Does the future of the Internet belong to everyone, or just the highest bidder?
Like our country, which is protected by a Bill of Rights that guarantees our basic freedoms, the Internet needs concrete, fundamental protections to ensure that it is not abused by those with the power to do so," wrote Sen. Patrick Leahy (D-Vt.) in an op-ed published by the Huffington Post Tuesday.
The Senate Judiciary Committee, chaired by Leahy, held a field hearing at the University of Vermont in Burlington on Tuesday to discuss net neutrality.
But what does the ambiguous term "net neutrality" mean, exactly?
PC Magazine calls it "a level playing field for Internet transport" -- the absence of restrictions placed on content carried by Internet service providers.
Although the Internet has had net neutrality since it came to be, there is now a significant threat to that level playing field.
According to the American Civil Liberties Union, most consumers purchase high-speed Internet access from a small group of telecommunications giants -- Verizon, AT&T, Comcast, Time Warner, Cox and Charter.
A federal court ruled in January that previous "open Internet" protections outlined by the Federal Communications Commission, to essentially keep an Internet provider from analyzing or manipulating the data we send or receive, were overkill, based on a challenge from Verizon. The FCC opened the issue to an extended public comment period which is set to come to a close on July 15. Notably, the same ruling said the FCC could enforce new rules, and the agency indicated it may propose "that Internet service providers be allowed to charge content providers for a faster conduit to consumers. That would effectively kill a major component of net neutrality," states the ACLU on its website.
Per the rules proposed by the FCC, Internet providers would be able to charge other companies for priority, high-speed access to their users -- what Leahy described as "paid fast lanes" on the Internet.
The Internet would no longer be free and open.
Telecom companies would be able totake a look at every piece of information we send or receive online and route that information in such a way as to slow down traffic they don't like or speed up traffic that pays a bit more.
"Imagine if the phone company could mess with your calls every time you tried to order pizza from Domino's, because Pizza Hut is paying them to route their calls first," states the ACLU site.
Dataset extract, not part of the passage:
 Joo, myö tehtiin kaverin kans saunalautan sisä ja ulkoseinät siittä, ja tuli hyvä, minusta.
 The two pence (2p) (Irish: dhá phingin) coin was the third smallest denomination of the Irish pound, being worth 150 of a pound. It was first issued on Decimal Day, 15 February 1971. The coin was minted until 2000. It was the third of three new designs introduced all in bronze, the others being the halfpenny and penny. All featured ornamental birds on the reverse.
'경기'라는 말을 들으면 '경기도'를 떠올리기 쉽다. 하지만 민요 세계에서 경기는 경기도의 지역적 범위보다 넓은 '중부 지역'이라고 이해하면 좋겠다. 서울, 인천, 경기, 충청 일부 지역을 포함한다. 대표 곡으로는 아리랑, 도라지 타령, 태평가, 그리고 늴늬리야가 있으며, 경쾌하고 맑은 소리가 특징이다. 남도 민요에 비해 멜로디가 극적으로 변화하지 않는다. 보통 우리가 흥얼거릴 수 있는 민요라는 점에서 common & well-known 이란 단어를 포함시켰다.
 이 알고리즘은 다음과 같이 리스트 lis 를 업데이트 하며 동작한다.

At Tuesday's hearing in Burlington, Sen. Leahy proposed a law that would require the FCC to ban so-called paid prioritization agreements between a broadband provider and a content provider. The bill, introduced in June with Rep. Doris Matsui (D-Calif.) will keep Internet service providers from charging websites and online services for better access to consumers.
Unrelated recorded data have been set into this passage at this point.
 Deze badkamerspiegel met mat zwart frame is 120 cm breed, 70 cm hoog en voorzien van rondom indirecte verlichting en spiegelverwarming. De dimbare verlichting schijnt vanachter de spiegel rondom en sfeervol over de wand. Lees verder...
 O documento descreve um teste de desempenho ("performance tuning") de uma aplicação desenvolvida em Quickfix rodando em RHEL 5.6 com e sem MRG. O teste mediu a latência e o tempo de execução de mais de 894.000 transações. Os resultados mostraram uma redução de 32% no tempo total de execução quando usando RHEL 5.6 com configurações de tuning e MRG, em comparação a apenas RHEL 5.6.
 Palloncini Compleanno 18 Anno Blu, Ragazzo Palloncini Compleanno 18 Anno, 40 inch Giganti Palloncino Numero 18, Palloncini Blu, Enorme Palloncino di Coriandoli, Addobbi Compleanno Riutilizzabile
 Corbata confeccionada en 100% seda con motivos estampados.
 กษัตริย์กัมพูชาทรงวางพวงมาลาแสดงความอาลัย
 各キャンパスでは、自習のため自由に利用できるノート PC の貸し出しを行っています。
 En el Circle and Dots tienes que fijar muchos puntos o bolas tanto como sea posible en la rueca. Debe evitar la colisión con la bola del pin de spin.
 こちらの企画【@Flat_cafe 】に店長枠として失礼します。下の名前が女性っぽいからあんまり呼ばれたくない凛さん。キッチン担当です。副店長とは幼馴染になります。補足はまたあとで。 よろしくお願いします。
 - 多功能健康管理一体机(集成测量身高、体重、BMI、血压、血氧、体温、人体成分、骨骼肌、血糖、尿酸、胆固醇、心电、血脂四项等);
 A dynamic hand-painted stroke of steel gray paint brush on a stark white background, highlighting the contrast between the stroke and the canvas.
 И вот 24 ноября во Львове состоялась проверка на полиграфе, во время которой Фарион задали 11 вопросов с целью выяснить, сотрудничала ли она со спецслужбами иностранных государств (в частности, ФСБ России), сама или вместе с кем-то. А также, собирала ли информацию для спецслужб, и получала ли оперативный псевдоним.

Cabot Orton, whose grandparents started the Vermont Country Store, testified that open access to the Internet is the key to the company's success. The Manchester-based business currently supports 450 jobs in southern Vermont and has an online presence in addition to its brick-and-mortar stores.
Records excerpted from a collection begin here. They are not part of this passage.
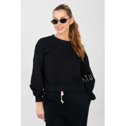 Dámský svetr s krátkým střihem je stylový a pohodlný návrh v casualovém provedení. Skvěle se hodí do každodenních outfitů jak k džínům, legínám, tak i teplákovým kalhotám. Hladký vzor jí dodává univerzální charakter, díky čemuž ji snadno sladíte s různými kousky šatníku. Model je vyroben z vysoce kvalitní směsi bavlny a polyesteru. Tento složení zajišťuje pohodlí nošení, jemnost na dotek, stejně jako odolnost a odolnost proti vráskám. Svetr má klasický, kulatý výstřih a dlouhé rukávy s moderním objemným střihem, který dodává celku ženský a moderní charakter. Chybějící zapínání zdůrazňuje minimalistický styl, a ozdobný nápis umístěný na levém rukávu představuje jemný designový akcent. Je to ideální návrh pro ženy, které ocení pohodlí spojené s módními detaily.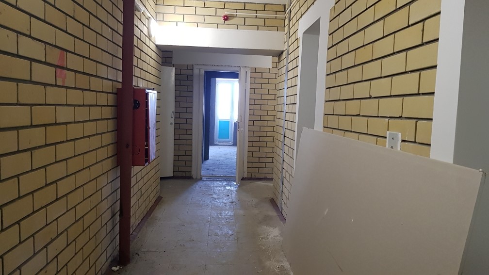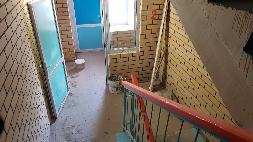 В 1-4 подъездах проводятся работы по очистке стен в лифтовых шахтах. В 2-4 подъездах в местах общего пользования проводятся работы по шпаклевке откосов входных групп.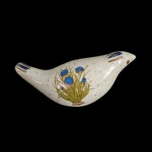 Vintage Ceramic Bird Salt Pepper Shakers Blue Floral Speckled Pottery Set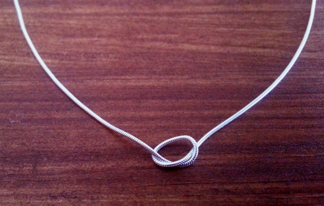 « Back to Necklaces Silver necklace with 'knot' detail Available in 43cm (standard) or 47cm (on request) length. Buy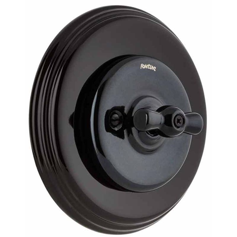 Interruptor conmutado fabricado en porcelana negra con marco también de porcelana para instalación empotrada.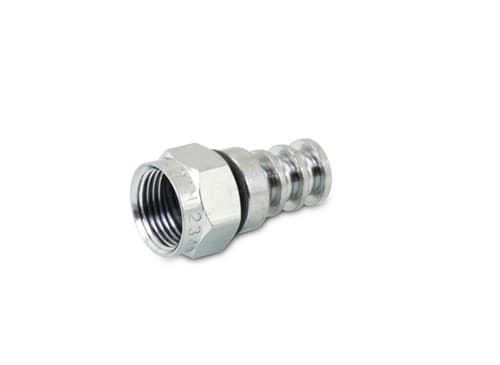 ** Caratteristiche Generali ** Genere: Spina Tipo Connettore: F Orientamento: Dritto Adatto per cavo RG: RG6 ** Caratteristiche Meccaniche ** Materiale Corpo: Ottone nichelato Terminazione: a crimpare Montaggio connettore: volante Diametro cavo nom: 6.8mm Dim. A: 5.1mm Dim. B: 8mm n. o-ring: 0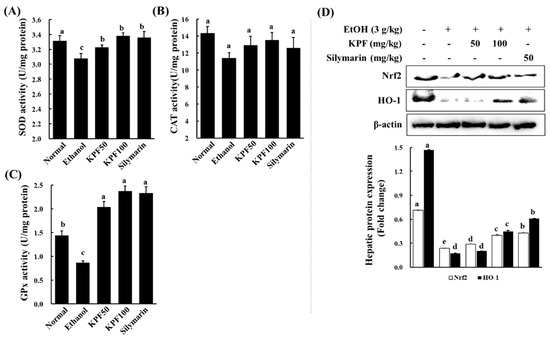 Effects of KPF on antioxidant enzyme levels in ethanol-induced mice. Determination of antioxidant enzyme activities (A) superoxide dismutase (SOD), (B) catalase (CAT) and (C) Glutathione peroxidase (GPx) in liver homogenates. (D) Effects of KPF on the hepatic levels of Nrf2 and HO-1 protein expression. Values: mean ± SE of three determinations (n = 6). Bars with different letters are significantly different (p < 0.05).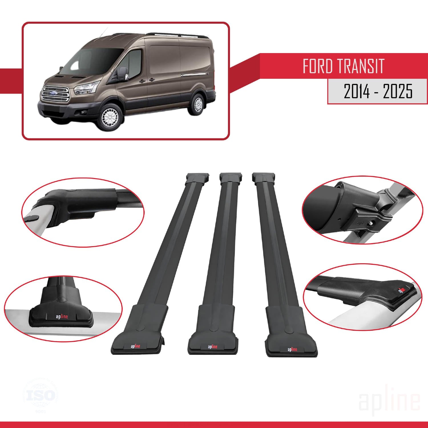 Compatible avec Ford Transit 2014-2025 FLY Model Barres de Toit Railing Porte-Bagages de Voiture Noir Aluminium 3 Barres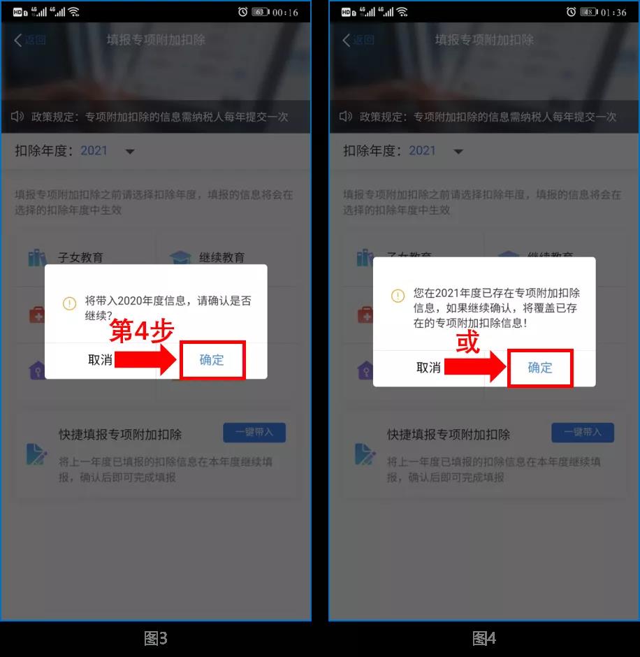 ② 依据提示“将带入2020年度信息,请确认是否继续?”或者“您在2021年度已存在专项附加扣除信息,如果继续确认,将覆盖已存在的专项附加扣除信息!”,确认后点击“确定”;如下图3、图4:

"It's not hard to imagine small businesses forced to suffer demolition by neglect in the Internet slow lane, or to endure ruinous costs to squeeze into the Internet fast lane with the big guys," Orton said.
The outcome of the net neutrality debate will effect both small businesses and consumers, Leahy said. Keeping the Internet a level playing field is crucial for both.
"We should not allow an Internet that is divided into ‘haves' and ‘have-nots,' where those who can afford to pay drown out the voices of those who cannot," Leahy said in his Huffington Post piece.
Most of us use the Internet every day -- some of us all throughout our workday. We take for granted that it will always be a free and open medium.
But there is no guarantee.
Net neutrality will become a descriptor of the past if the government doesn't take action.
Does the future of the Internet belong to everyone, or simply to the highest bidder?